Petitions increased from 2 to 3 percent of eligible deals in the early 2000s to around 25 percent of deals in the 2010s.

“Petitions increased from 2 to 3 percent of eligible deals in the early 2000s to around 25 percent of deals in the 2010s,” said Randall Thomas of Vanderbilt Law School. “The top hedge funds file petitions accounting for more than 50 percent of the dollar volume, and the top seven law firms representing them are counsel in about 50 percent of the cases.”

Appraisal action petitions are most often generated when stockholders start to believe there might be a conflict of interest within a company that will lead to:

  • A going-private deal, where a company wants to buy back all its stock at the low price;
  • Minority squeeze-outs, deals in which a controlling shareholder buys out a minority shareholder’s stock to eliminate that shareholder and which often occur at low prices; and
  • A merger between a parent company and its substantially owned subsidiary, with either the parent company or the subsidiary surviving the merger.

Buying stock with the intention of filing an appraisal petition is an investment strategy for some hedge funds. The average annualized return on appraisal action petitions is 32.9 percent, according to the study.

In recent years, hedge fund managers have filed 75 percent of appraisal actions, said Thomas, holder of the John S. Beasley II Chair in Law and Business at Vanderbilt Law School and co-author with three other researchers of the paper “Appraisal: Shareholder Remedy or Litigation Arbitrage?” It was published in August in The Journal of Law and Economics.

More than 80 percent of appraisal action claims are settled before they go to trial.

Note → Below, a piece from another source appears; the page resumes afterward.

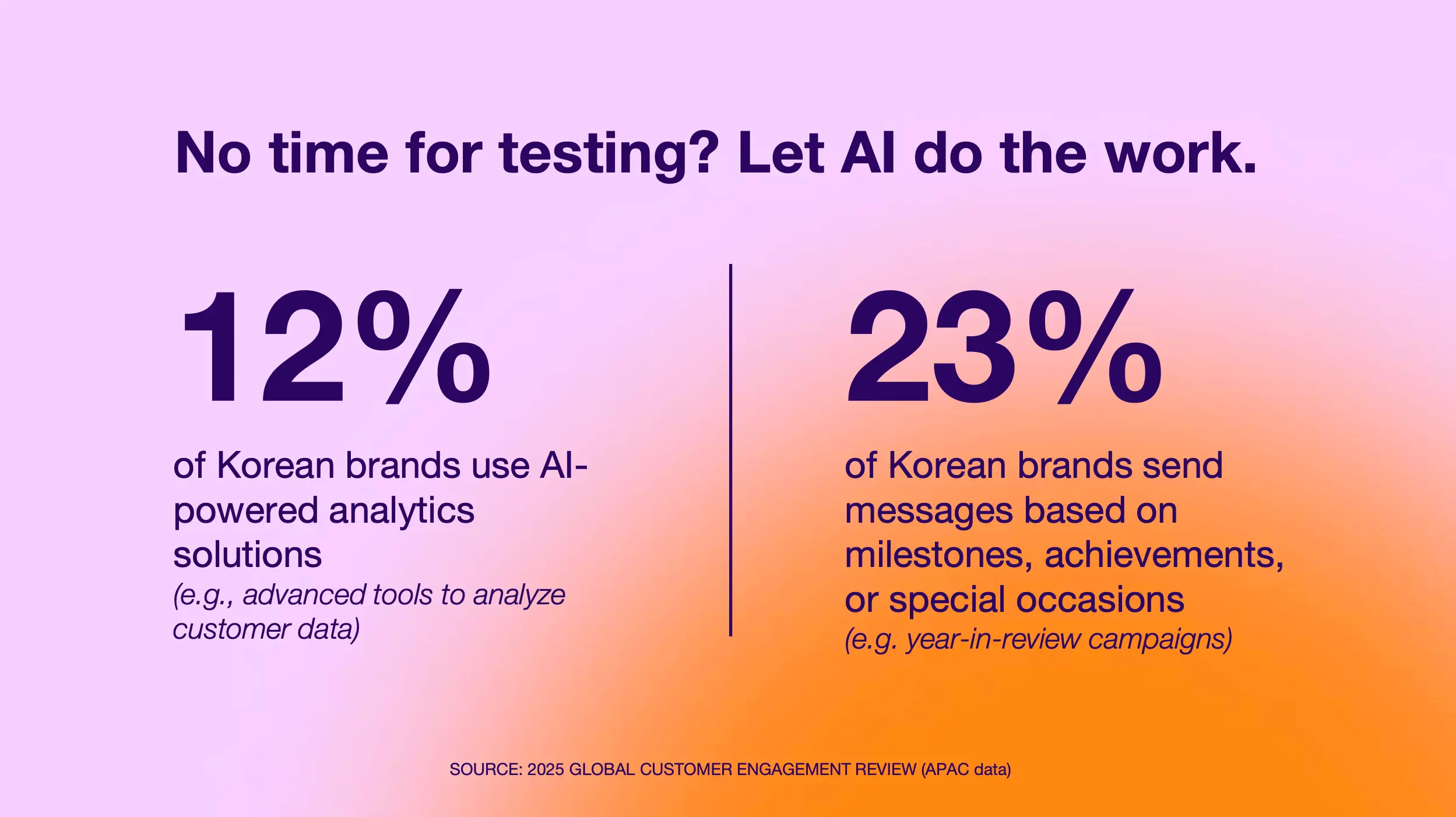 이는 많은 한국 브랜드가 여전히 고객 데이터 분석이나 세분화, 추천 모델링 등 핵심 CRM 영역에 AI를 충분히 통합하지 못하고 있음을 보여줍니다. 또한 한국 브랜드 중 23%만이 성과·특별한 기념일(예: 연말 회고 캠페인) 등에 맞춰 메시지를 발송하고 있어, AI 기반 개인화 여정은 아직 초기 단계에 머물러 있다는 것을 알 수 있습니다.

Randall Thomas (Vanderbilt Law School)

“Our calibration shows that … issuers are always better off paying the appraisal award to the dissenters rather than trying to preempt the petitions by offering a more generous premium in the transaction to all shareholders,” Thomas said.

Two new laws in Delaware

Researchers also looked at two new laws enacted in Delaware in 2016. Delaware is the state where the majority of Fortune 500 corporations base themselves, making it the center of American corporation law.

The laws target perceived abuses of the statutory procedure and provide:

  • Appraisal actions can only be filed by petitioners who collectively hold at least $1 million in stock or at least 1 percent of the company; and
  • Corporations are permitted to reduce the amount of interest they pay on judgments that are caused by successful appraisal actions by giving some or all of the money to claimants before the case is settled.

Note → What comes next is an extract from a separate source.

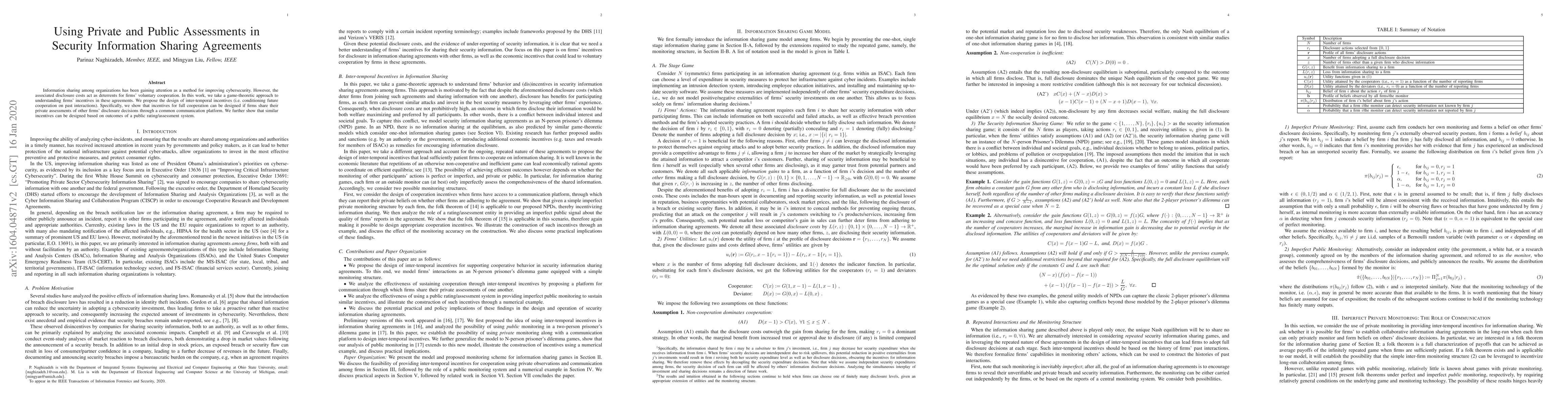 This paper explores how inter-temporal incentives can encourage cybersecurity information sharing among firms through private and public assessments. It demonstrates that firms can be incentivized to cooperate fully if they share private assessments and use public rating systems, addressing the deterrents of disclosure costs.

The minimum dollar-investment or 1 percent rule would eliminate a quarter of the cases, the study found.

“Our analysis also shows that the same limitation will not affect shareholders’ motives for seeking appraisal, nor would it have any impact on the likelihood of a case going to trial,” Thomas said.

The second new rule, allowing companies facing appraisal actions to tender money to the claimant before the case is settled, would likely “reduce significantly” the financial motives of some hedge funds for seeking appraisal actions.

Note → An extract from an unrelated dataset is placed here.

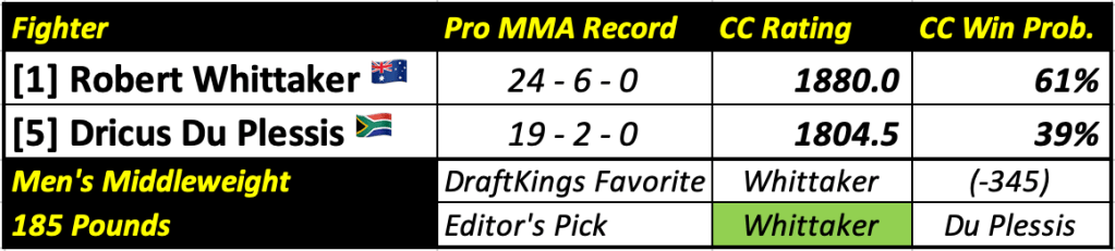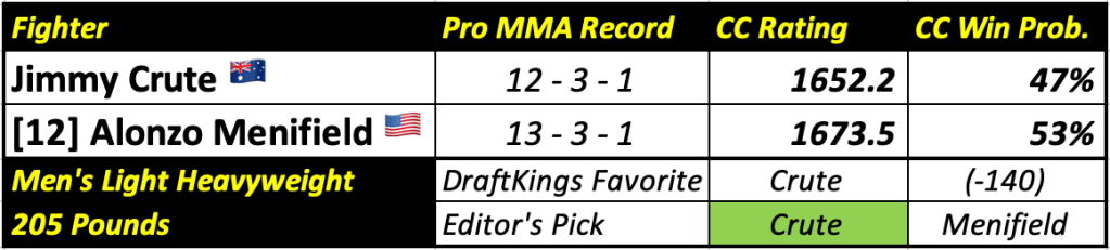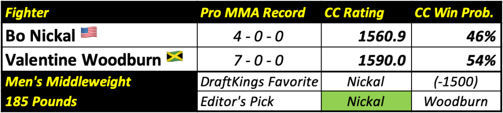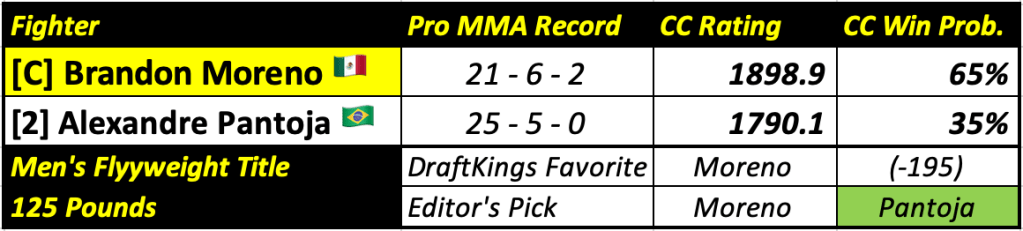 All win probabilities are based off of a fighter’s Cage Calculus (CC) Rating and their place in the CC Rankings. The fighter’s name highlighted in green at the bottom of the panel indicates the editor’s pick to win. Any number in brackets to the left of a fighter’s name indicates their ranking in the CC Rankings, not the official UFC Rankings.

“Our analysis of both amendments supports the understanding of Delaware’s reforms as a way of discouraging strike suits and interest-rate-driven appraisal cases,” Thomas said.

The co-authors on “Appraisal: Shareholder Remedy or Litigation Arbitrage?, are Wei Jiang, the Arthur F. Burns Professor of Free and Competitive Enterprise at Columbia University; Tao Li, assistant professor of finance at Warwick Business School; and Danqing Mei, a research assistant at Columbia.